図3は退職前の職場別にみた調査時の年金給付額と退職前の給与を比較したものであり、全体として退職前給与に対する年金が1.47倍になる。つまり、都市の年金生活者はその年金収入が退職時の給与よりも47%多いということである。退職前の職場別にみると、党政府機関や事業単位で働いた者の年金収入が際立って高いことが分かる。

実際、8割くらいの年金生活者は「年金が基本的な生活ニーズを満たせるか」という設問に対し肯定的な答えを出している。「足りない」との回答者は16.5%と少数である(図4a)。その裏返しとして退職後の再就職は全体の8.9%に留まり、8割以上の者は家事等(56.8%)やレジャー・学び(22.0%)に時間を費やす形で老後を送っている(図4b)。
「再就職」の回答者は基本的に年金収入が少ない。図4cから見て取れるように、「再就職」「元職場再雇用」と回答した者の年金月額はそれぞれ平均2170元、2779元と「レジャー・学び」「家事等」と回答した者のそれを下回る。
「年金が基本的な生活ニーズを満たせるか」に対し、「足りない」を選んだ回答者の年金は少なく、「比較的余裕ある」と回答した者の年金の4割くらいにすぎない(図4d)。

要するに、都市部退職者の圧倒的多数は年金だけでも基本的な生活ニーズを満たすことができている。定年後の再就職、元職場再雇用は基本的に、年金が比較的少なく、年金だけでは生活できないような者に限られる。
都市部における高齢者就職の決定要因
都市部における高齢者の就業行動または就労選択をより詳しく分析するため、ここで、CHIP2018の個票データから50-80歳の全サンプル(およそ1万人)を抽出し、調査時点での就業または非就業が個々人の属性や収入とどのように関連しているかを重回帰分析で検証する。

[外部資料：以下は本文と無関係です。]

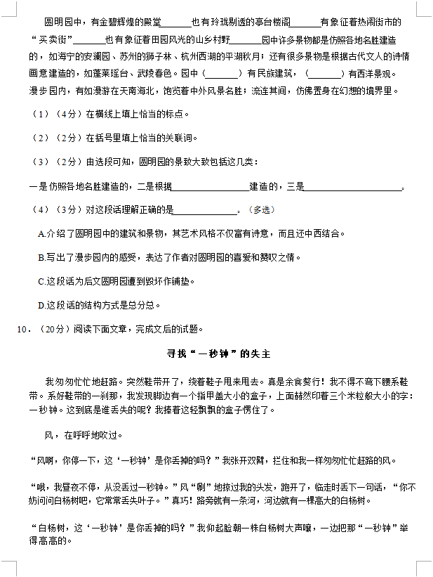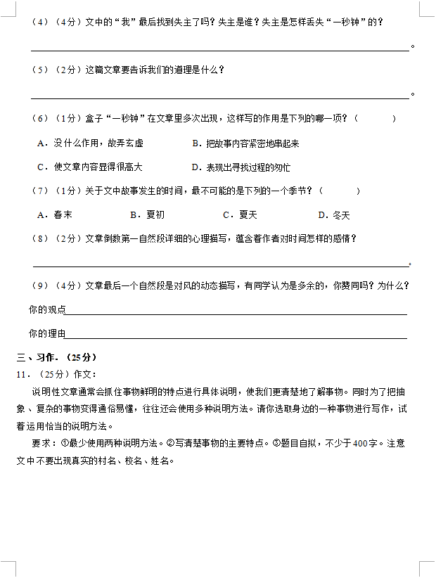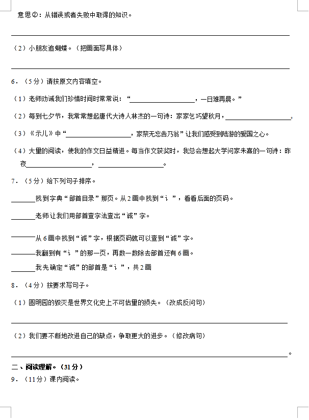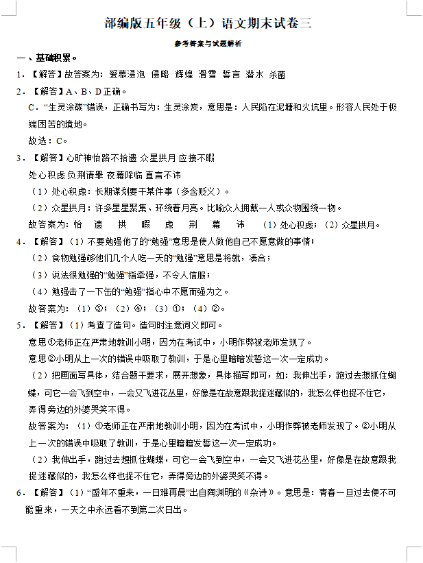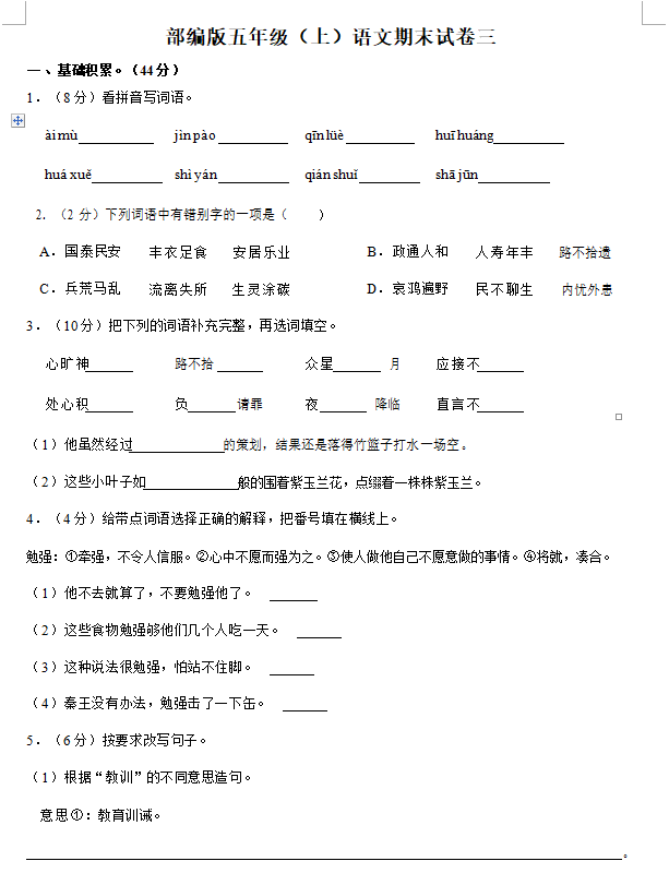 部编版五年级(上)语文期末试卷三(Word版)下载
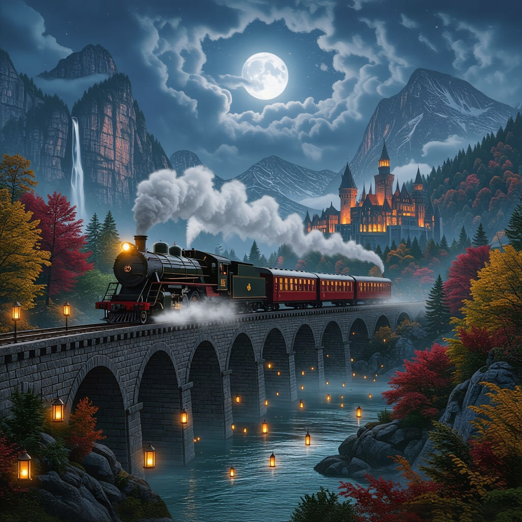 A vintage steam train travels across a stone bridge in a cinematic fantasy landscape. The autumn forest and river below are lit by lanterns and moonlight, creating a magical and immersive scene.
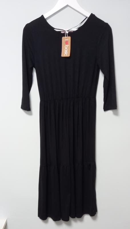 Сукня з руковами 3/4, та широкою юбкою. на талії гумка Склад: 96% віскоза, 4% еластан Розмір М довжина сукні 111см довжина рукова 42см бюст ( об'єм) 84см талія(об'єм) , гумка рослаблена 65см
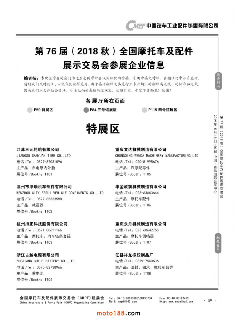 内59 第76届(2018秋)全国摩托车及配件展示交易会-广州站参展企业信息
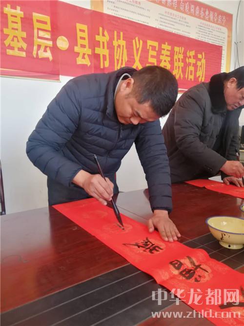中華龍都網(wǎng)訊(周口報(bào)業(yè)全媒體記者 徐松)2月8日上午,由鄲城縣委統(tǒng)戰(zhàn)部駐村辦、鄲城縣文聯(lián)、鄲城縣青年書法家協(xié)會(huì)共同組織的“禮贊新時(shí)代,新春送萬(wàn)福——鄲城縣文聯(lián)紅色文藝輕騎兵新春走基層青年書法家送萬(wàn)福進(jìn)萬(wàn)家義寫”活動(dòng)在鄲城縣虎崗鄉(xiāng)后趙行政村村室舉行,來(lái)自鄲城縣青年書法家協(xié)會(huì)的十余名著名書法家在現(xiàn)場(chǎng)揮毫潑墨,義務(wù)書寫了二百幅“福”字和春聯(lián),用喜盈盈、紅燦燦的春聯(lián)為廣大貧困戶提前送去狗年的祝福。
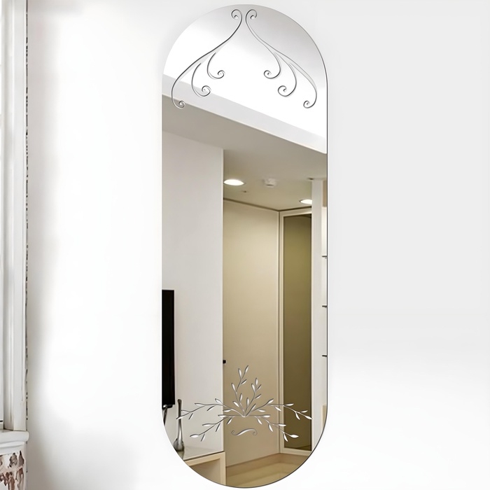 Зеркало настенное в форме вытянутого овала (размеры 45 х 15 см) – это стильный и оригинальный элемент декора, который подчеркнет индивидуальность вашего интерьера. Изготовленное из акрила толщиной 1 мм, оно отличается легкостью и прочностью, обеспечивая длительный срок службы.
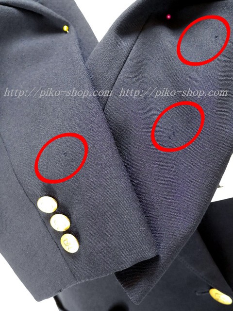 3年間の使用み制服なので自然な使用感の傷みはあります。丁寧に大切に着ていた様子ですが保管時の保管状況が悪かった様子でお写真のような虫食い傷みが数カ所ある状態です。

ここでは、就業を1、非就業を0とする従属変数を設定し、年齢、性別、政治的身分(共産党員か否か)、戸籍(農業vs非農業)、月収、教育を独立変数としたLogisticモデルを構築し、SPSSを用いて計量分析した。分析対象の平均年齢は60.0歳、男性が49.3%、共産党員が18.7%、非農業戸籍者が54.3%をそれぞれ占める。また、平均月収は2716元であり、教育水準別の分布は、小卒以下が24.7%、中卒が37.9%、高卒が20.9%、職業高校・中専卒が4.4%、大専・大学・大学院が12.1%となっている。なお、全体の就業率は48.1%(3922/8155)である。